(Beginning of Exercise materials)

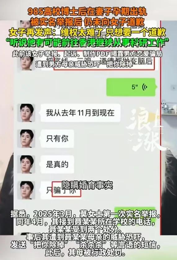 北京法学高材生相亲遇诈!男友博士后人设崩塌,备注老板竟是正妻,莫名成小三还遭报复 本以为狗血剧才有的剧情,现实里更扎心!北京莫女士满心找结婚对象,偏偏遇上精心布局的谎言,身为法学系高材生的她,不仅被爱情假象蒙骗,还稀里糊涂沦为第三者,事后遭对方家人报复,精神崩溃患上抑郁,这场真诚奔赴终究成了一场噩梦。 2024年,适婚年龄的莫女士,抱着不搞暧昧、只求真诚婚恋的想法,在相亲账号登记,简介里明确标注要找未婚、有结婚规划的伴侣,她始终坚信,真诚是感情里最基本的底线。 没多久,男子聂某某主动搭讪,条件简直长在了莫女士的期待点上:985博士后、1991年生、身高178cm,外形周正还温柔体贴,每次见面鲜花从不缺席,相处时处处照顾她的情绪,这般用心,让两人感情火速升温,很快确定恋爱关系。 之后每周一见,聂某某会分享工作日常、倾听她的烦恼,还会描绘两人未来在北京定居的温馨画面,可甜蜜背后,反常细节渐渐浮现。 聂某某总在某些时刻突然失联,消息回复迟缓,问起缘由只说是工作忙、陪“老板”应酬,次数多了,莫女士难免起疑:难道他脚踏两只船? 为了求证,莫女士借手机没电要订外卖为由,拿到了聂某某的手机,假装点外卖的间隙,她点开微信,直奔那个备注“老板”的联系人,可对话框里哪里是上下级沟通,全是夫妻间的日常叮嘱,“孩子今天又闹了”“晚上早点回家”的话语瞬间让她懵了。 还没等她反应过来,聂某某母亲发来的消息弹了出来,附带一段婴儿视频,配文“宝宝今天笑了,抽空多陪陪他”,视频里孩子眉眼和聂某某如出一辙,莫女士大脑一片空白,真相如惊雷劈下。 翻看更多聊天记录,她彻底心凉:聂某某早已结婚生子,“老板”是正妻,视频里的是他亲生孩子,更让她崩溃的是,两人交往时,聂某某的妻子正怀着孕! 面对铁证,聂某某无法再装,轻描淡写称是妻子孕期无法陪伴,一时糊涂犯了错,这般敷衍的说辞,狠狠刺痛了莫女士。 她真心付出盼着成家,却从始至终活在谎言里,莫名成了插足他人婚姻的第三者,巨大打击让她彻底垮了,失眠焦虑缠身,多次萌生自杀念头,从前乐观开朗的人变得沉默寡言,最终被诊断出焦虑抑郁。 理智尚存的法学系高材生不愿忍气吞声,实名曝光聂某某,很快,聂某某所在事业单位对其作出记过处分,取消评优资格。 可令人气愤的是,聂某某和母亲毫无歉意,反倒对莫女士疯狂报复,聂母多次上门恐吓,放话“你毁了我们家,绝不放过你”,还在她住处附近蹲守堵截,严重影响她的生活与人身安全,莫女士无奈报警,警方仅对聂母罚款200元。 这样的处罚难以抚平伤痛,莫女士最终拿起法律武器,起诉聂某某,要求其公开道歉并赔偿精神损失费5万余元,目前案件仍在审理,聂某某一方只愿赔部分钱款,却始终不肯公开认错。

(End of Exercise materials)
(Beginning of Exercise materials)

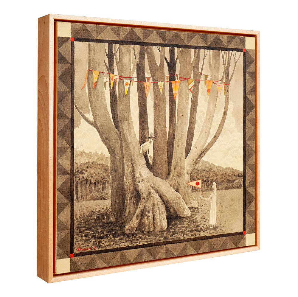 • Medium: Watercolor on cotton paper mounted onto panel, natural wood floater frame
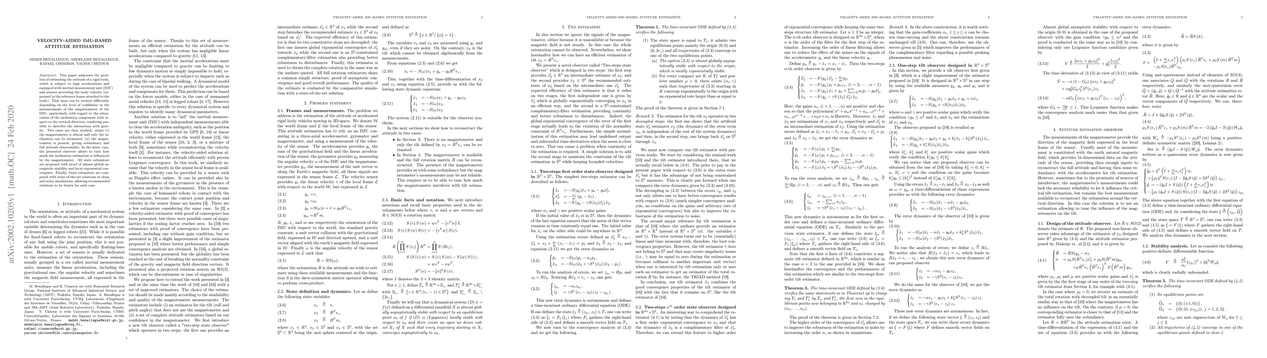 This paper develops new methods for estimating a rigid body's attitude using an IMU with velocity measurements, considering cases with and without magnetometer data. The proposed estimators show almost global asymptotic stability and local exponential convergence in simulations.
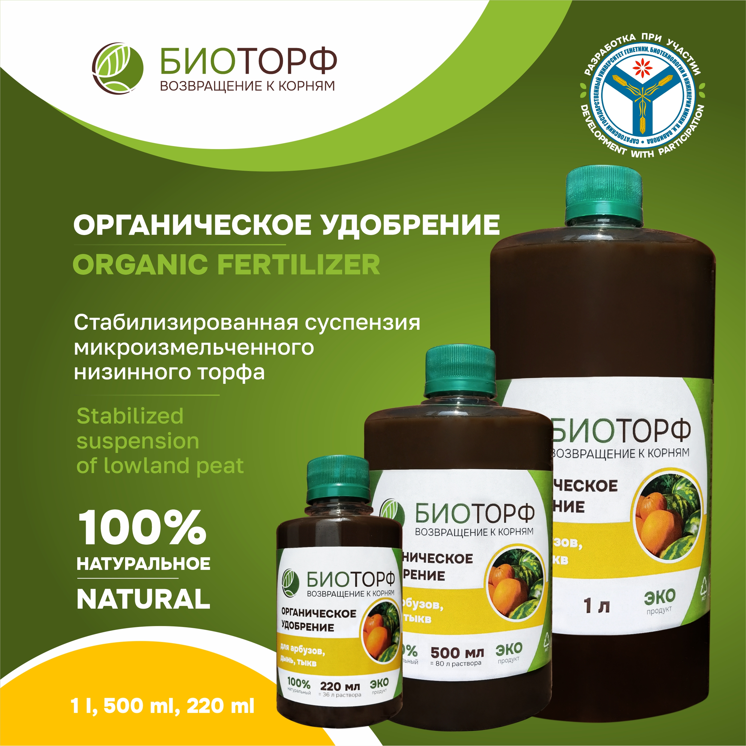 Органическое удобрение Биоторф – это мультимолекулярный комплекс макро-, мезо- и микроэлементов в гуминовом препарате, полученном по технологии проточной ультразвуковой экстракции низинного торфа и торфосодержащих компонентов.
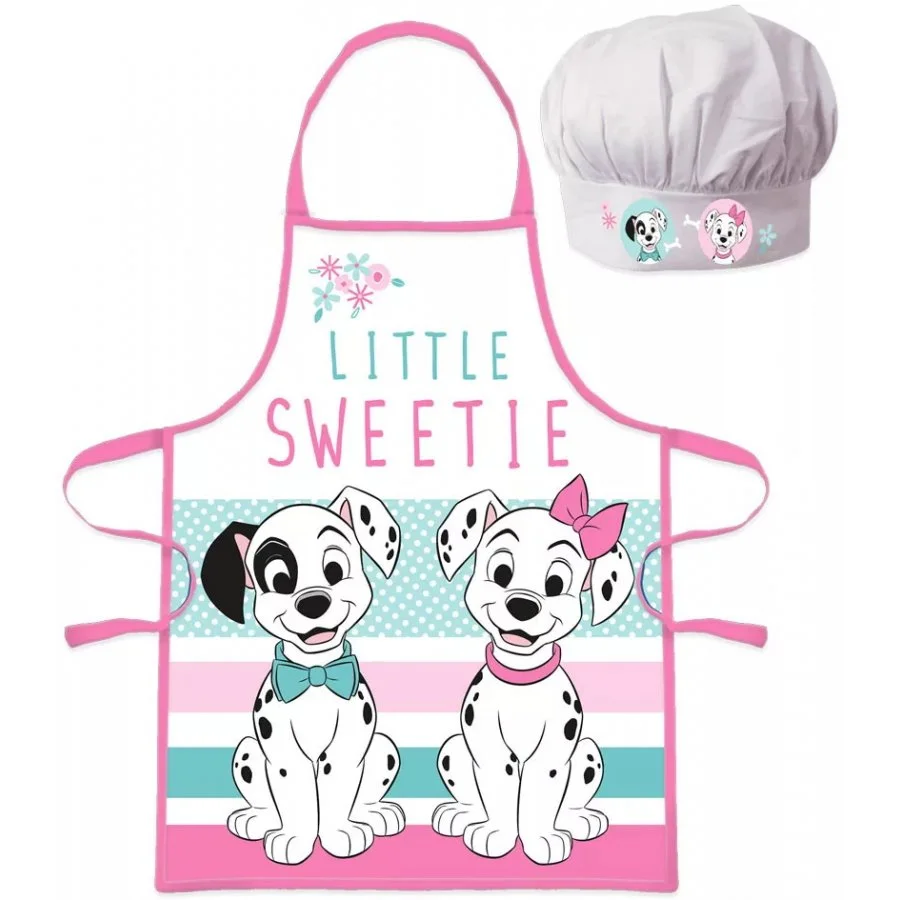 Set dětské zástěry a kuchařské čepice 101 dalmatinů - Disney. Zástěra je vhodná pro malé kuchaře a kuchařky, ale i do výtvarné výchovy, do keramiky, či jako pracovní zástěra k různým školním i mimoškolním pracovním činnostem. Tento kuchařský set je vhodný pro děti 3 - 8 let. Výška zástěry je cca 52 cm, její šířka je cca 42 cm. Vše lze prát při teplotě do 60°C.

(End of Exercise materials)

## Problem details
Give the lines above again exactly, from the one containing "Органическое удобрение Биоторф" to the one containing "Set dětské zástěry", both included, but leave out the pictures.

## Solution to this exercise
 Органическое удобрение Биоторф – это мультимолекулярный комплекс макро-, мезо- и микроэлементов в гуминовом препарате, полученном по технологии проточной ультразвуковой экстракции низинного торфа и торфосодержащих компонентов.
 Set dětské zástěry a kuchařské čepice 101 dalmatinů - Disney. Zástěra je vhodná pro malé kuchaře a kuchařky, ale i do výtvarné výchovy, do keramiky, či jako pracovní zástěra k různým školním i mimoškolním pracovním činnostem. Tento kuchařský set je vhodný pro děti 3 - 8 let. Výška zástěry je cca 52 cm, její šířka je cca 42 cm. Vše lze prát při teplotě do 60°C.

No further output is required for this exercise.